Securitization Prospects Still Hot Abroad, Trade Group Told

Amid setbacks for the secondary market at home, where investors have been retreating to safe-haven Treasury securities, Wall Street continues to seek out securitization opportunities overseas.

"Firms continue to look at this business in global terms," said George P. Miller, vice president and deputy general counsel at the Bond Market Association.

Securitization is "increasingly global in character," despite inadequate infrastructure overseas, he said.

He spoke last week during a panel discussion hosted by the association.

Fannie Mae is seeing a "growing interest" in mortgage securitization overseas, said Martin Levine, Fannie's managing director for international housing finance services.

Thailand, Hong Kong, and South Korea are among the countries that have recognized that issuing mortgage-backed securities may lay the groundwork for attracting capital back into sectors from which it has fled, Mr. Levine said. Some of these efforts combine government policies and private enterprise. And the movement has continued despite economic volatility.

The European landscape is "still a situation of separate jurisdictions," said Timothy E. Stapleford, managing director at Bear, Stearns & Co.

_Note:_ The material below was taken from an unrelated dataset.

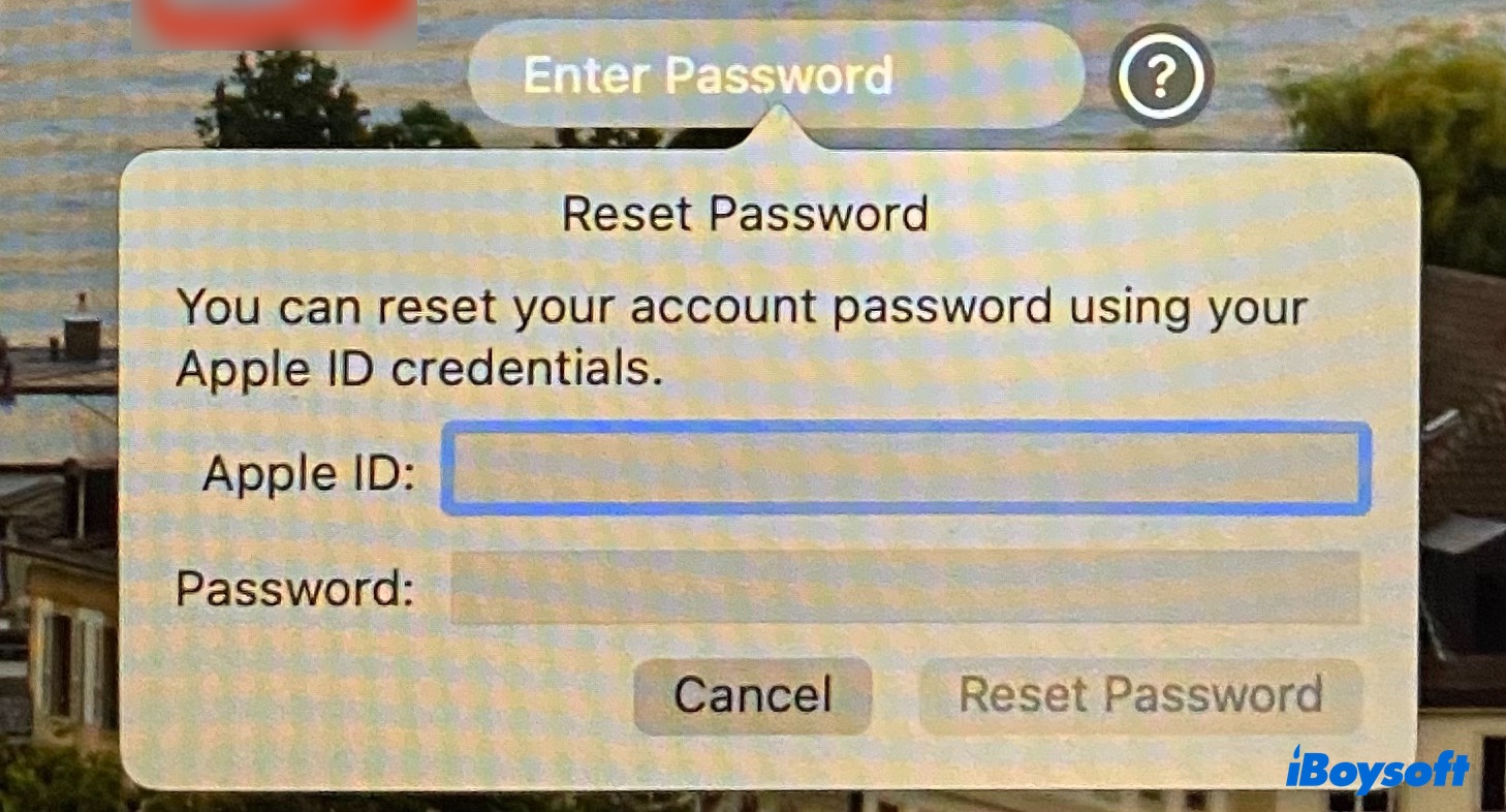 Wenn Sie FileVault eingerichtet haben, können Sie nicht in den macOS-Wiederherstellungsmodus gelangen, ohne das Anmeldepasswort für das ausgewählte Konto einzugeben. Um das Passwort zu ändern, können Sie unter Ihrem Benutzerkonto auf "Passwort vergessen?" klicken und dann den Bildschirmanweisungen folgen, um ein neues Passwort zu erstellen.

The creation of a single currency for much of Europe will provide "a lot of impetus for re-thinking," he said, but it will not guarantee smooth sailing. "Beneath the single currency, you still have nation-states."

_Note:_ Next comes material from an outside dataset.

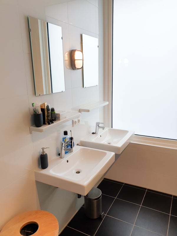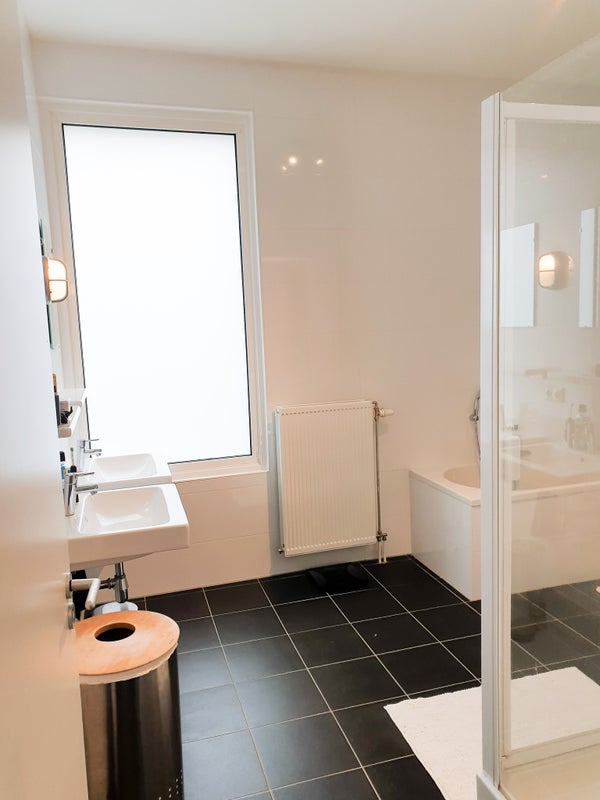 De badkamer is ingericht met een tweetal wastafels, een riant ligbad en een ruime douche. Tevens geeft dit toeging tot de ruimte met aansluiting voor een wasmachine en/of droger.

Foreign companies are not on a level playing field with U.S. companies for securitization, despite the "ongoing standardization" of the legal and accounting framework across Europe, Mr. Stapleford.

In Germany, Citibank, Ford Motor Co., Capital One Financial, and MBNA Corp. have done several securitizations, because they found both "tremendous liquidity" and sizable demand, he said.

France has a highly evolved legal and regulatory environment for mortgage and asset securitization that gives French companies better opportunities in France than German companies have in Germany, Mr. Stapleford said.

But regulatory difficulties are not stopping the international wave of interest in securitization. "Even banks that are capital-rich are looking to securitize as a means to more effectively manage capital," he said. He said investors and issuers are also pushing for increased securitization activity.

Panelists noted that widening spreads, reduced liquidity, and overseas economic crises have made Wall Street firms more nervous about the risk in asset-backed securities.

"Spreads have widened so much that many investors have stepped back from the market," as evidenced by the scarcity of activity in bonds rated BBB or below, noted Michael M. McGovern, director and senior counsel in the corporate and institutional client group in Merrill Lynch's office of general counsel.

On Wall Street, many firms are rethinking diversification and risk- adjusted rates of return "and just going back to basics," said Mr. Stapleford of Bear Stearns.